The UAE has armed and financed the RSF since April 2023. The UAE government denies arming the RSF, but the UN Panel of Experts on Sudan identified UAE-linked supply lines transporting weapons, vehicles, and fuel through Chad and Libya into Sudan. Amnesty International's analysis of shipment-level trade data, images and videos from social media, and interviews document foreign weapons in RSF hands, including UAE-made armored personnel carriers (APCs) with French and British-manufactured components, a variety of small arms produced in Türkiye, Russia, and Serbia, and UAE re-exports of Chinese Norinco bombs and howitzers to the RSF. The only country in the world that imports the AH-4 howitzer from China is the UAE, according to SIPRI arms transfer data cited by Amnesty International. U.S. Senator Chris Van Hollen and U.S. Representative Sara Jacobs confirmed in January 2025 that the UAE kept arming the RSF, in direct contradiction to assurances it apparently gave Washington.

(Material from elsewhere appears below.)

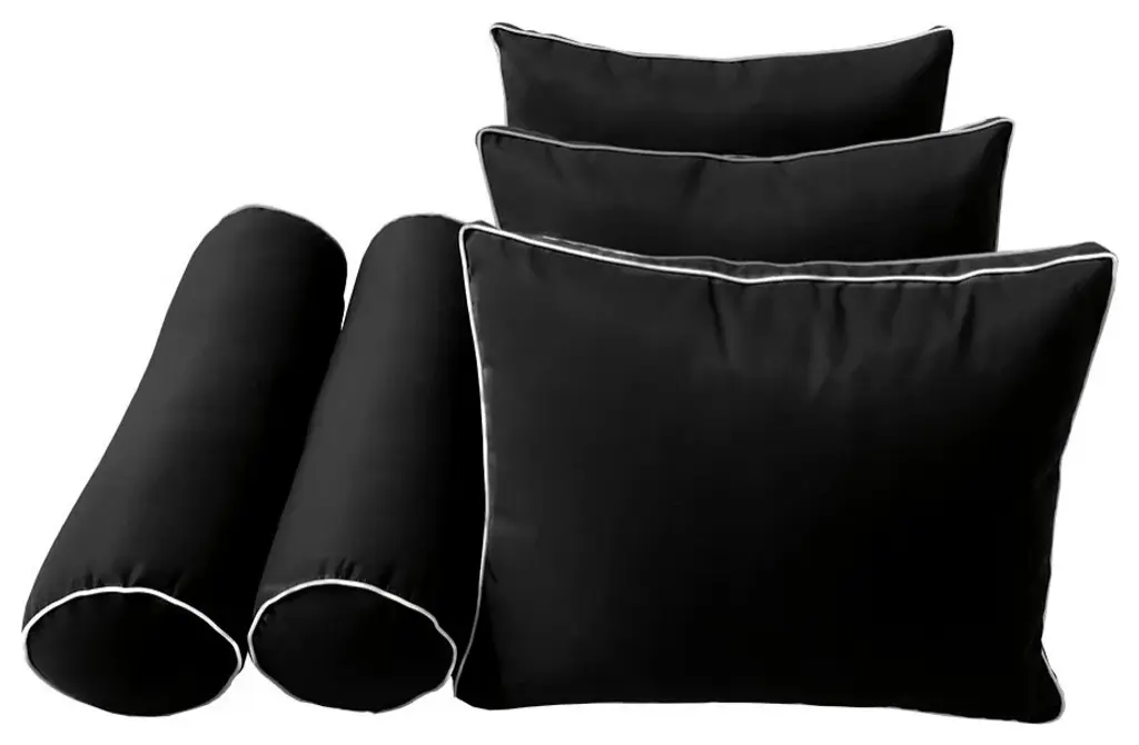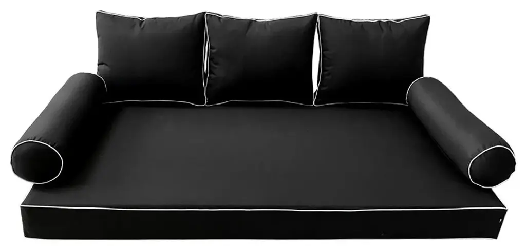 • Style-3 Twin Size 6 PC Contrast Pipe Trim Mattress Bolster Back Cover Only• • Mattress and Insert Not Included• • Fully Encase Cover with Hidden Zipper• 1 x Twin Fitted Sheet Cover Only: 75"x 39" x 6"• 2 x Bolster Pillow Cover Only: 27" x 8"• 3 x Back Pillow Cover Only: 24.5" x 20" x 5"• Color: AD109• Edge Trim: Pipe Trim (contrast color)• Fabric: 230 Gram Polyester Upholstery• Hidden Zipper• Water Repellent • Not Water Proof• • Tips: Please cover or store cushion pillow in rainy season• Cleaning: Soap clean and rinse off with water hose. Outdoor durable!• Quantity: 1

Between 2021-2025, the UAE ranked as the 11th largest arms importer globally, according to the Stockholm International Peace Research Institute (SIPRI). SIPRI's data shows that, over the past decade, more than half (54%) of the UAE's imported arms have come from the U.S., with the remainder coming from France (13%), South Africa (4.9%), Türkiye (4.9%), South Korea (4.7%), Sweden (2.4%), the Netherlands (2.2%), Russia (2.2%), Canada (2.1%), Israel (2%), China (1.4%), Germany (1.1%), Singapore (0.9%), Australia (0.9%), the United Kingdom (0.8%), Spain (0.7%), Italy (0.6%), Finland (0.2%), Serbia (0.1%), and Brazil (one transfer during this period). Some of these weapons have allegedly been used in Sudan.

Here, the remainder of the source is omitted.